Born and raised in Gunnedah, tertiary education wasn't part of his plans - but after having worked since finishing year 10 at St Marys College, he realised he had to invest in himself and his skillset.
Along with his degree - his second from UNE - Mr Dries also received a vice-chancellor's scholar award for outstanding academic achievement; another "very special moment" was the Oorala Aboriginal Centre's Indigenous sashing ceremony.
"I gave my sash to my father as he was too ill to attend," Mr Dries said.
"He and my mother are very proud of what I have achieved at UNE.

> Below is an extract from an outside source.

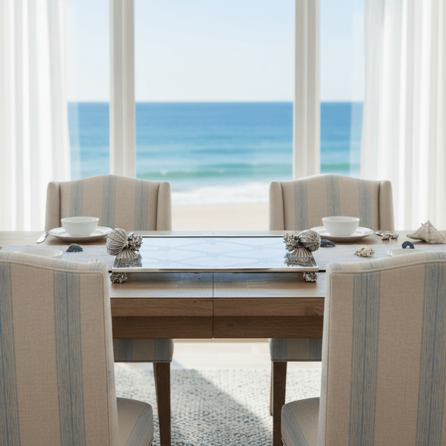 Imagine it at the heart of a coastal home — perhaps resting upon a weathered teak console or the polished expanse of a marble dining table. Laden with glistening oysters on crushed ice or with an array of silvered votives flickering in the dusk, the Vintage Pewter Marine Life Glass Tray becomes not just a serving piece, but a conversation in form and atmosphere. It brings to mind seaside evenings filled with laughter, candlelight, and the distant hush of waves. In every detail, it celebrates the artistry of marine-inspired living — a poetic echo of the ocean’s grace.

"The sash also honours my grandmother's sacrifice for her children and grandchildren. Her family disowned her when she met my grandfather, yet they went on to have eight children together."
Mr Dries said his family was "not well-off growing up", but his parents spent a lot of time with their children and made many sacrifices to support them.
"My fiancée Lisa has also been extremely supportive of me throughout my studies."
Change of direction
Mr Dries joined Fire and Rescue NSW after school but recently decided it was a young person's game.
"My job is very labour-intensive at times and, while I enjoy it, I'm not getting younger," he said.
"If I wanted to move on, I had to keep my options open and invest in skills that were transferable in a general market."
He enrolled in his first degree: a bachelor of exercise and sports science.
"I was the first in my family to attend university, but once I learned how study and university processes worked, I realised I had a knack for learning. I graduated with a distinction last year," he said.
Mr Dries credits tertiary education with boosting his confidence, and he plans to enrol in a masters by research next year.
"University is quite challenging at the start, especially after being out of school for so long, but once you have systems in place, it is not necessarily about how smart you are but about how hard you work.
"For me, it is not just about obtaining a piece of paper from my studies, but about the knowledge.
"I have a genuine passion for and interest in what I'm learning."
Mr Dries regularly helps at UNE's intensive schools, and this year was a mentor in the inaugural Indigenous Scholars/TRACKS Peer Support Program run by Oorala Aboriginal Centre.